# Your task
Pictures in the entries below are to be left out; otherwise, reproduce exactly the lines from the first through the line containing "The Central Committee".
** Opening Data to use block **
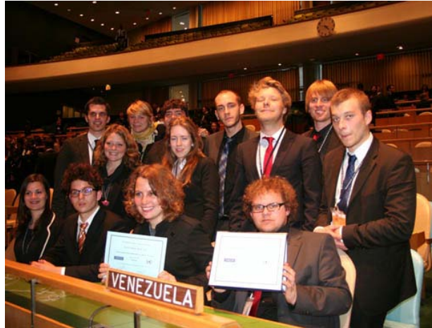
Die Würzburger NMUN-Delegation in der Generalversammlung der Vereinten Nationen.

Die meisten Würzburger Delegierten sind inzwischen wieder zuhause – einige, auch ich, verbringen noch etwas Zeit in den USA, bis das Semester beginnt. Zurück in Würzburg beginnen dann die letzten Aufgaben der Delegation: Wir suchen nach potenziellen Sponsoren für das Projekt, da noch nicht alle Ausgaben gedeckt sind. Und wir machen Werbung – für die neue Delegation, die eine erfolgreiche Würzburger Tradition in New York fortsetzen kann.“
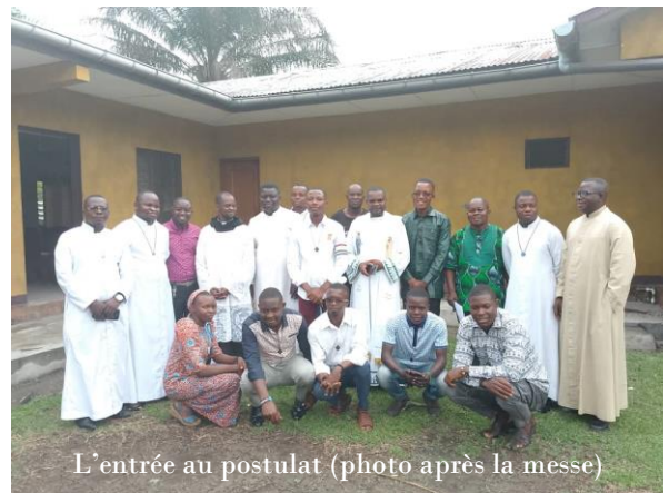
L'entrée au postulat (photo après la messe)
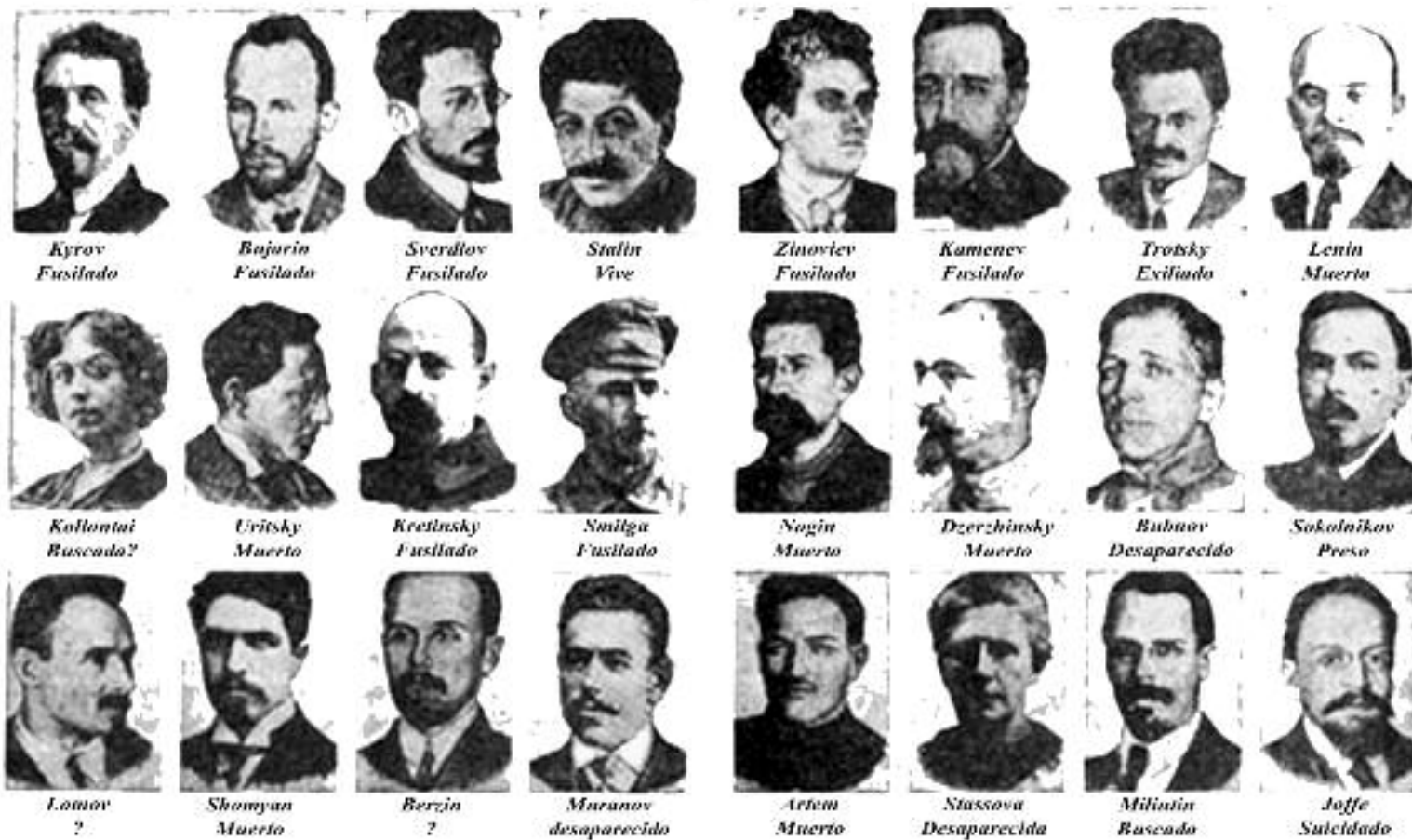
The Central Committee of The Bolshevik Party in 1917

Del Comité Central Bolchevique de 1917; para 1939 solo quedaban con vida Trotsky en exilio y Stalin, el resto fueron asesinados por el stalinismo
** Closing Data to use block **
# Response to the exercise
Die Würzburger NMUN-Delegation in der Generalversammlung der Vereinten Nationen.

Die meisten Würzburger Delegierten sind inzwischen wieder zuhause – einige, auch ich, verbringen noch etwas Zeit in den USA, bis das Semester beginnt. Zurück in Würzburg beginnen dann die letzten Aufgaben der Delegation: Wir suchen nach potenziellen Sponsoren für das Projekt, da noch nicht alle Ausgaben gedeckt sind. Und wir machen Werbung – für die neue Delegation, die eine erfolgreiche Würzburger Tradition in New York fortsetzen kann.“
L'entrée au postulat (photo après la messe)
The Central Committee of The Bolshevik Party in 1917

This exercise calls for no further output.